Community annotation

Two UCL teams (comprised of 5 Genetics of Human Disease 2009 MSc students) took part in an annotation competition, CACAO, being run by Brenley McIntosh at Texas A&M University. The competition ran for eight weeks and students had to submit annotations and challenge the accuracy of annotations made by other competitors. We are pleased to announce that the UCL teams were awarded first and third place (out of 8 teams). Team UCL1 submitted the most annotations (over 100), however the UCL team Firefly won by submitting the most correct challenges. The BHF-UCL team would like to congratulate all teams that took part in this very challenging and competitive venture.

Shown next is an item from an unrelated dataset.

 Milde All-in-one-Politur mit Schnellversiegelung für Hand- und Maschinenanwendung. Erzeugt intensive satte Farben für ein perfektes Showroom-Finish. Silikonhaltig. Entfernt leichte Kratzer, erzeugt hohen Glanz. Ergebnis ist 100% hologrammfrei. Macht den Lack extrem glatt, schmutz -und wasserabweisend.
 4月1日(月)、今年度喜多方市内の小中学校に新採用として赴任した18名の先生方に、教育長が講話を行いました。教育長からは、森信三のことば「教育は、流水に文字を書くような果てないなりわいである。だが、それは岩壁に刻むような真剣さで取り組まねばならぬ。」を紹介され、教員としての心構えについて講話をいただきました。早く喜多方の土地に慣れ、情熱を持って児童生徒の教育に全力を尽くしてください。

We are organising a second 2-day GO annotation workshop in April 2011, there are still places available so please book online if you are interested in attending.

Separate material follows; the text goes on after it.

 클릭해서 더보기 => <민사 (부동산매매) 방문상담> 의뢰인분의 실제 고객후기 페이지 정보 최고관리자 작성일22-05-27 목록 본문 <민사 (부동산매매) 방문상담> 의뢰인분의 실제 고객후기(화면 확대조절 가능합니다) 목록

Finally, Texas A&M University are willing to help the BHF-UCL team organise a postgraduate/staff GO annotation competition, similar to CACAO, if you are interested in taking part please contact us.

Grant applications

The provision of high quality GO annotations to human genes is a time consuming activity and many research groups are finding that interpretation of their datasets with GO-dependant software is yielding only broad GO term categories, such as cell proliferation, immune response etc. We would therefore like to offer UCL research groups the option of including a GO curator on future grant applications. For example a GO curator working 1 day a week for 1 year could annotate 50-100 genes, depending on the volume of literature available.  This would enable more effective interpretation of high-throughput datasets, as well as contributing to the GOC dataset. Please contact Ruth for more information.

Meetings attended

Ruth attended the Ontology Development and Engineering: Tutorial & Training Workshop at the EBI in October and learnt how to use the GO editorial tool OBO-Edit.

 

 

Upcoming meetings

Ruth and Varsha will be attending the Computational Biology Symposium at UCL and the GO signalling workshop at EBI in February and 'remotely' attending the GO consortium meeting in March.